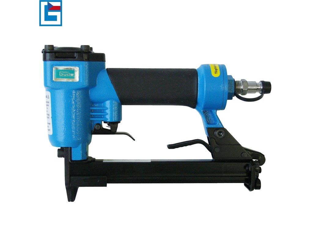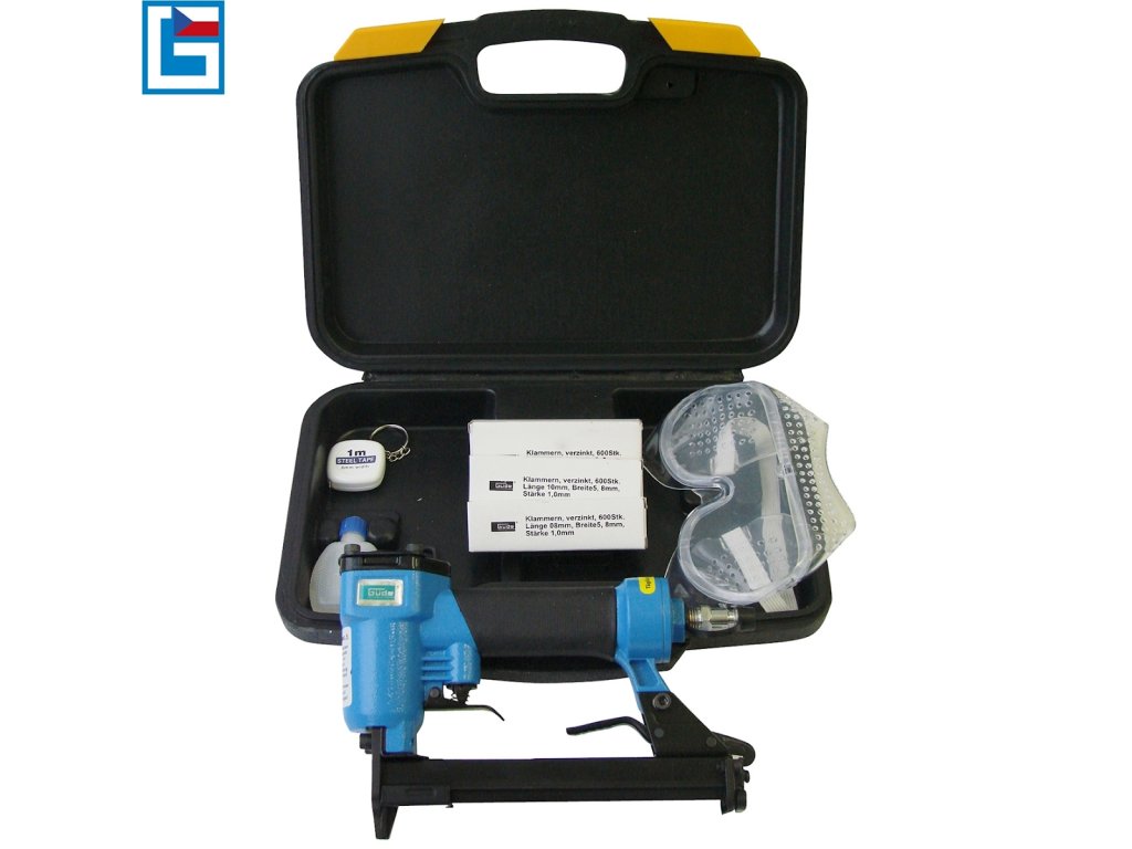 Pneumatski klamerica, dizajnirana za pričvršćivanje folija, tkanina, kože, tepiha, presvlaka, izolacijskih materijala, stražnjih dasaka za namještaj itd. pričvršćivanjem spajalica 6-14 mm.
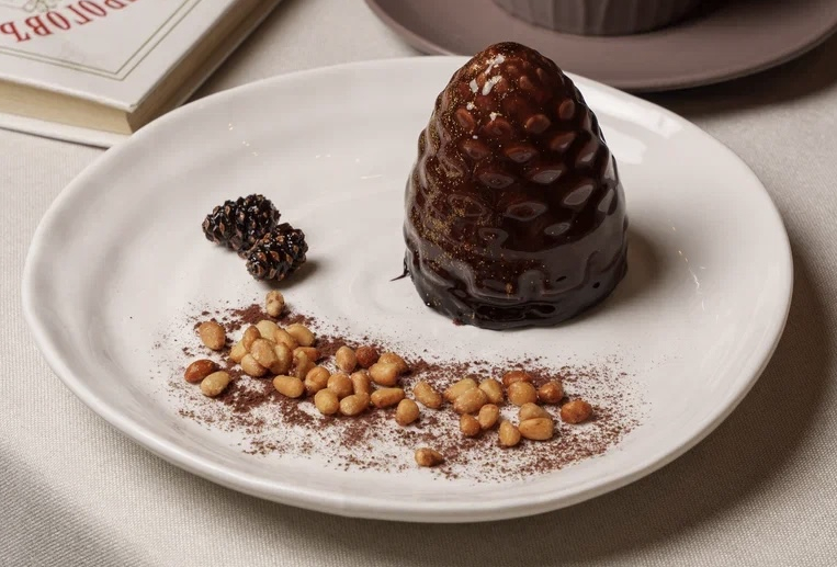 Мусс из молочного шоколада с вишневым конфи
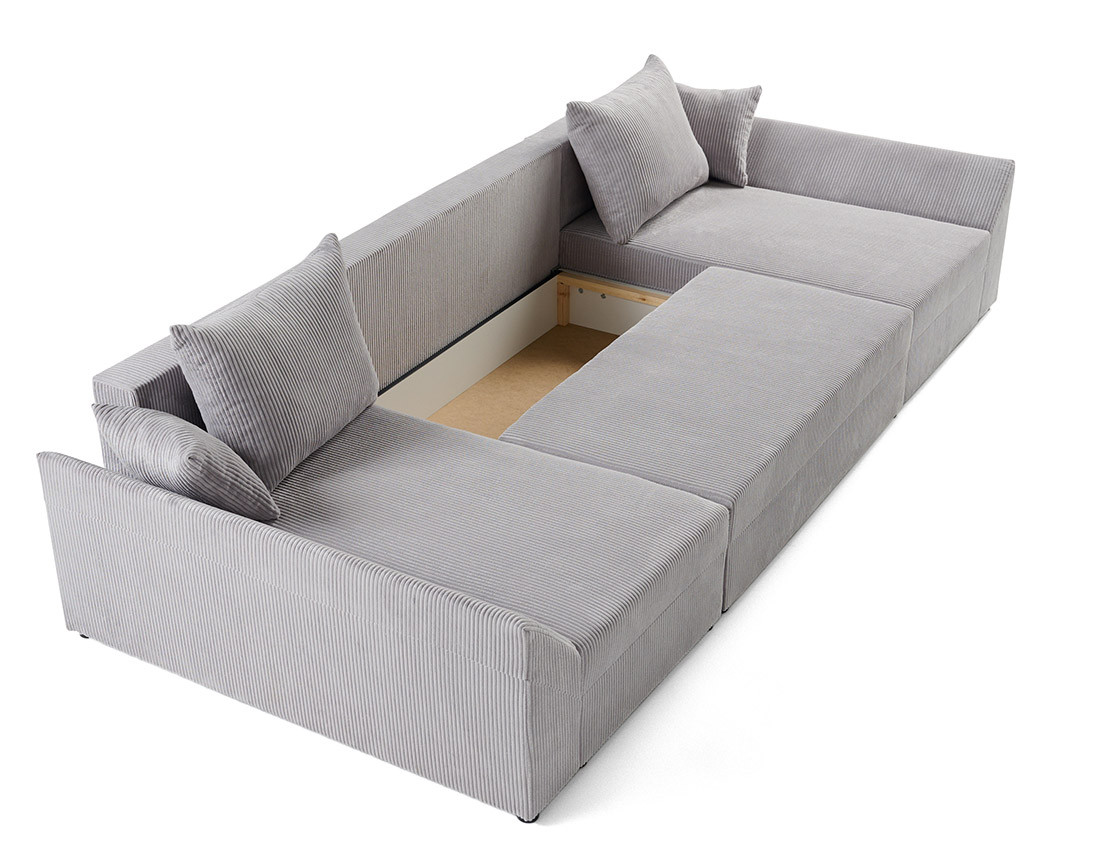 Mike - canapé panoramique en U - 7 places - convertible avec coffre - en velours côtelé
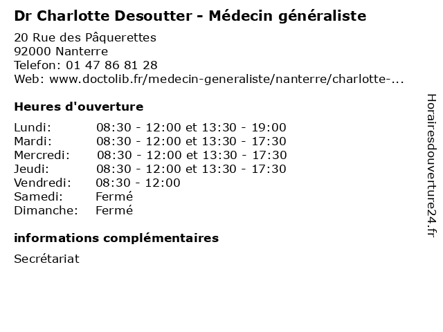 | Lundi | 08:30-12:00 et 13:30-19:00 |

> [ACTIVITY]
All of the data above should be printed again exactly, though none of the pictures belong in the copy.

> [OUTPUT OF THE EXERCISE]
 Pneumatski klamerica, dizajnirana za pričvršćivanje folija, tkanina, kože, tepiha, presvlaka, izolacijskih materijala, stražnjih dasaka za namještaj itd. pričvršćivanjem spajalica 6-14 mm.
 Мусс из молочного шоколада с вишневым конфи
 Mike - canapé panoramique en U - 7 places - convertible avec coffre - en velours côtelé
 | Lundi | 08:30-12:00 et 13:30-19:00 |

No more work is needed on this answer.